• [TO DO]
Output exactly, in the material below, the lines from the one with "这款项链的石头都是采用了5A" through the one with "og krom medestel.". Omit all pictures.

*** Opening PROVIDED RECORDS ***

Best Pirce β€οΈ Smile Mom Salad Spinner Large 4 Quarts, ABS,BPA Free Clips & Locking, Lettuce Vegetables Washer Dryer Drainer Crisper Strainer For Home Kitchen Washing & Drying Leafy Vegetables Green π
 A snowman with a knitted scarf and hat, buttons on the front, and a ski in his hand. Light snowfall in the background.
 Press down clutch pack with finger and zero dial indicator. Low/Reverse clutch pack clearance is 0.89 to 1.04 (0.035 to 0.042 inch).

*** Closing PROVIDED RECORDS ***
*** Opening PROVIDED RECORDS ***

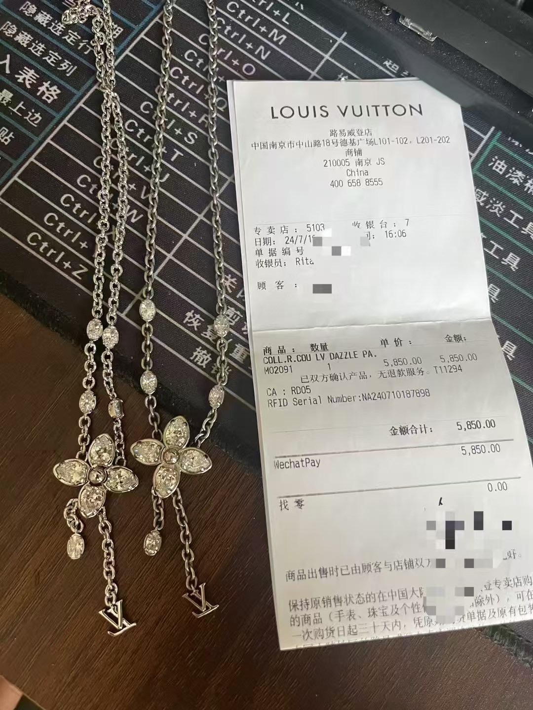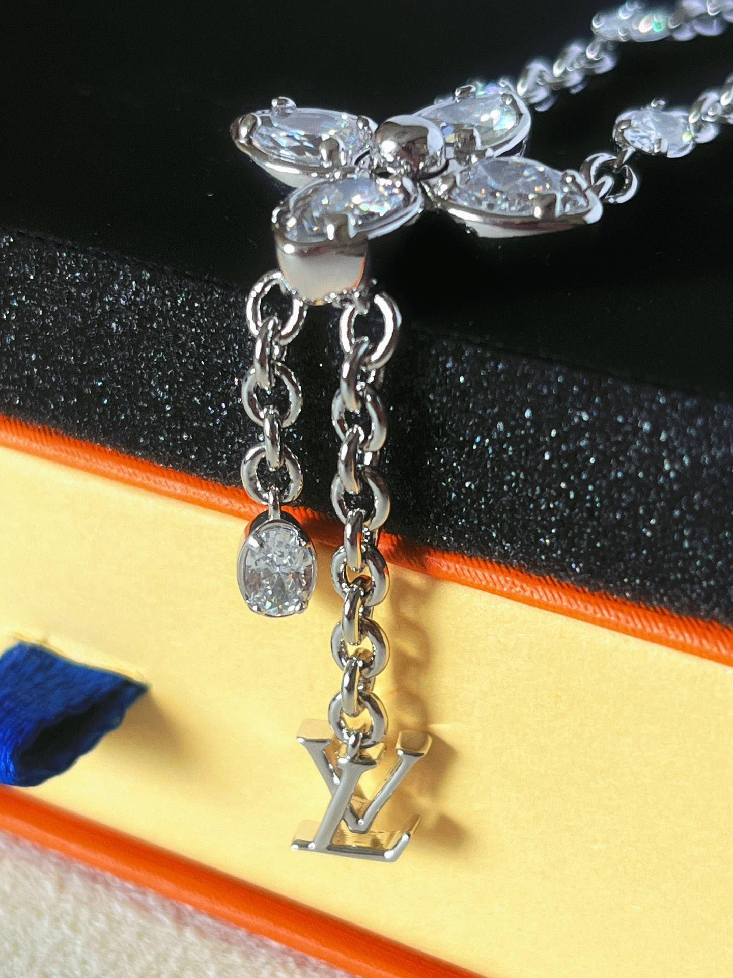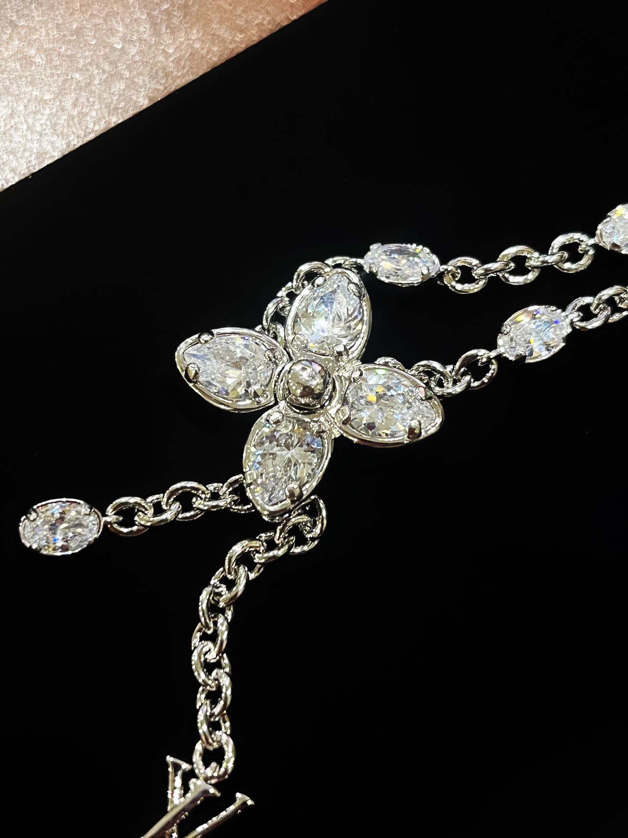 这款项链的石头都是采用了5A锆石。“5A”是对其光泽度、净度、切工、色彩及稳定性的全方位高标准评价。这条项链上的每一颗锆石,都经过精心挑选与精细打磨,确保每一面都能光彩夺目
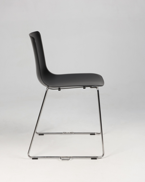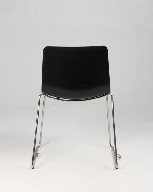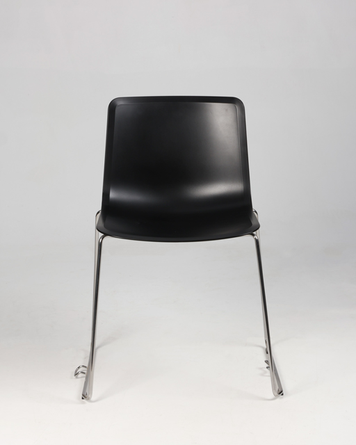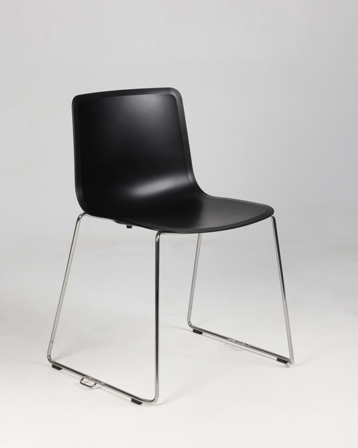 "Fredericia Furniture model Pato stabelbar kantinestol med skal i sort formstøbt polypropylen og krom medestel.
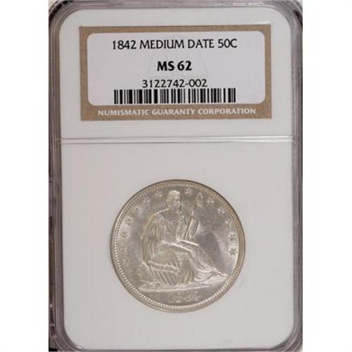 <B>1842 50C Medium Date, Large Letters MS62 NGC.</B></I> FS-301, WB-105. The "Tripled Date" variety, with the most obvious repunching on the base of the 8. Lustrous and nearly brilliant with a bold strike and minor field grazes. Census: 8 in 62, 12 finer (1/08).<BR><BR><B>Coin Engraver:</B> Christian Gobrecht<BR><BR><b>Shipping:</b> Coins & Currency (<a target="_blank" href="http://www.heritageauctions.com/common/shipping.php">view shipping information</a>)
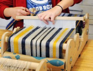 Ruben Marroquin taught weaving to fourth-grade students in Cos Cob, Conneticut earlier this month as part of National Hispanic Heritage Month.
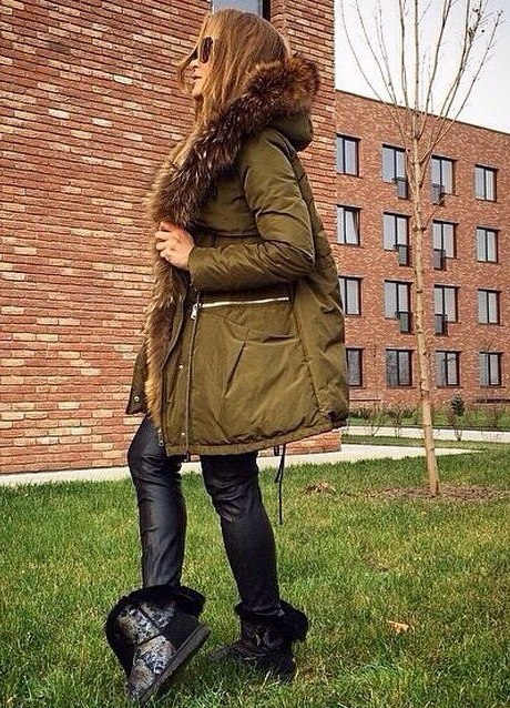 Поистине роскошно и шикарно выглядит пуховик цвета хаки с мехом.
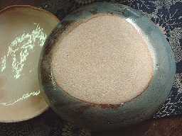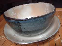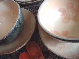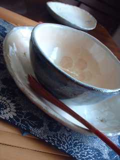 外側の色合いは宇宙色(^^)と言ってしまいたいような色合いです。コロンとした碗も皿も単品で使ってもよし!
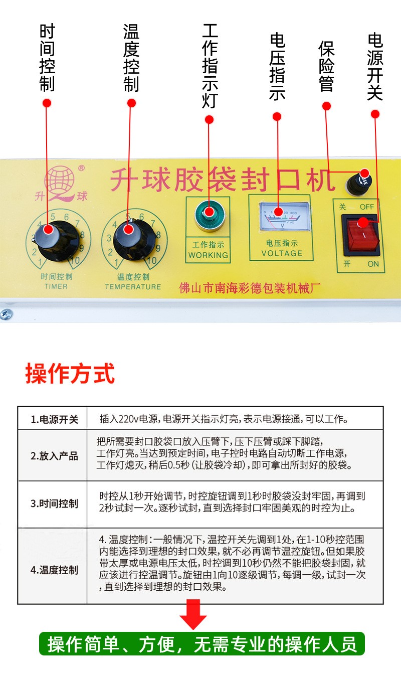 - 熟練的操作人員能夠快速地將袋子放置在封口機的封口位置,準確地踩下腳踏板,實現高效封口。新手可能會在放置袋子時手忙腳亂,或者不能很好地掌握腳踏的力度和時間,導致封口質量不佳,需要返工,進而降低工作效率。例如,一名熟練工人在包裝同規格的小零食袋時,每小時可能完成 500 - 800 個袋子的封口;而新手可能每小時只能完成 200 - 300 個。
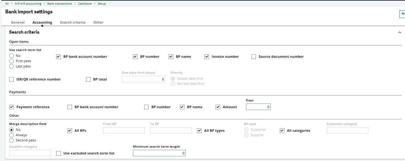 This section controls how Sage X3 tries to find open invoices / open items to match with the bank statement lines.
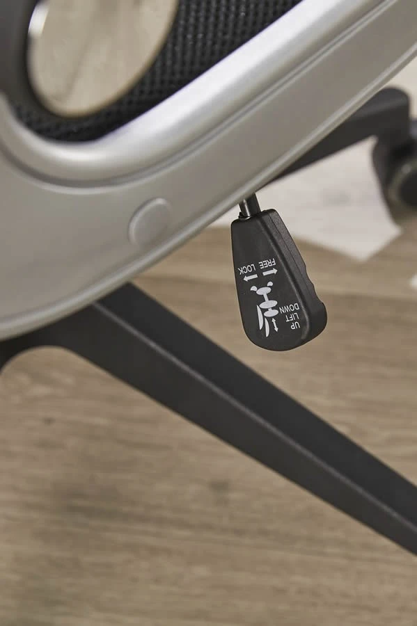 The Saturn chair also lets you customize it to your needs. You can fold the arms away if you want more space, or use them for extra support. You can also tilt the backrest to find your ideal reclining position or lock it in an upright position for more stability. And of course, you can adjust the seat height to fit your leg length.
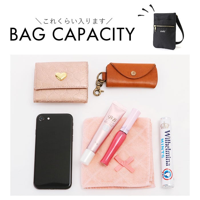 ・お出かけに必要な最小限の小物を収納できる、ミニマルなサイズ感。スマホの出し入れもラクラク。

*** Closing PROVIDED RECORDS ***

• [ANSWER TO THIS EXERCISE]
 这款项链的石头都是采用了5A锆石。“5A”是对其光泽度、净度、切工、色彩及稳定性的全方位高标准评价。这条项链上的每一颗锆石,都经过精心挑选与精细打磨,确保每一面都能光彩夺目
 "Fredericia Furniture model Pato stabelbar kantinestol med skal i sort formstøbt polypropylen og krom medestel.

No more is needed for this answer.